Но с той же грустью продолжал Линкей:
-- Я вижу мир. В тебе -- все сверх и сверх. Но мера дана всему. Есть и
для силы Зевса мера. Но неравна ей мера твоей силы. Ты, Идас, мал.
-- Я мал?
И крикнул великан, огромный Идас:
-- Я, как быка, взвалю себе на спину Тайгет и понесу! Мне Зевс не
страшен.
-- Страшен. Сильнее он, чем ты и я, мы оба. И удивился Идас словам
брата:
-- Кто страшен? Я видел Страх: он -- Фобос, спутник бога войны. Стоял
он за плечом Арея, пред самой битвой полубогов. И я похлопал Страх по плечу.
Скривился Фобос и мне сказал: "Идас, со мной не шутят. Ты, видно, очень юн".

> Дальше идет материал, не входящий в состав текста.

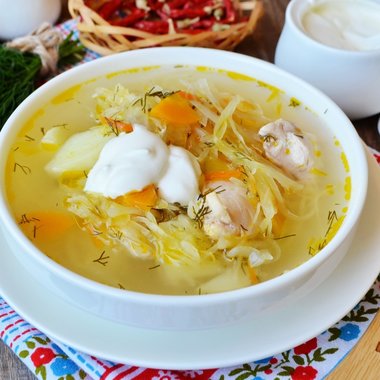 Щи из квашеной капусты с курицей и сметаной (300 мл)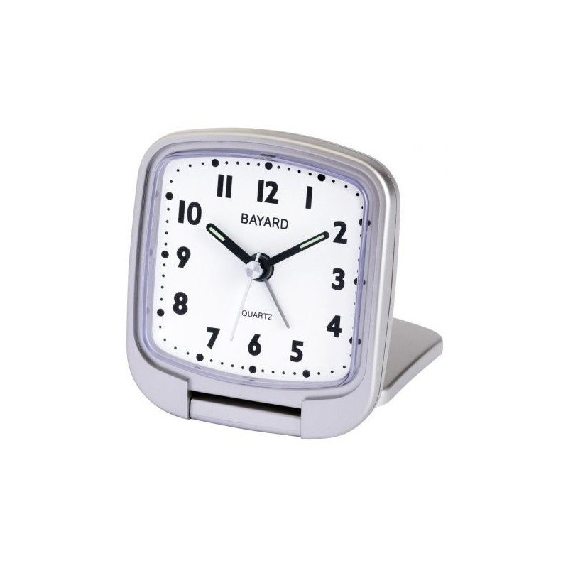 Reveil, Mouvement quartz silencieux, en plastique (7.6x6.8cm), fond blanc, entourage gris.

Тогда еще раз я хлопнул Страх по плечу и отошел смеясь. Он подозвал на
помощь брата -- Ужас. И Ужас мне, Идасу, смотрел в глаза, а я смеялся. Я
видел Страх. Но как это "страшиться"?
Смолк Идас. И вот раздался из-за тучи голос:
-- Идас, Идас!
Но никого на небе и на земле -- только туча. Стал Линкей вглядываться в
эту тучу. Но ослеплял его какой-то блеск. И снова тот же голос из-за тучи
сказал:
-- Ты слеп, Линкей!
И туча обратилась в дым. По-прежнему небо было пусто. Тогда в тревоге
сказал Линкей:
-- Идас, нас слышал Аполлон! Он ослепил сиянием мои глаза. На небе я
видел воздушный след его стопы. Он передаст Крониду твои слова. Он не
простит тебе Марпессы.
И снова долго всматривался Линкей в даль неба, поверх гор, и сквозь
горы, туда, где зыблется незримый для Идаса Олимп.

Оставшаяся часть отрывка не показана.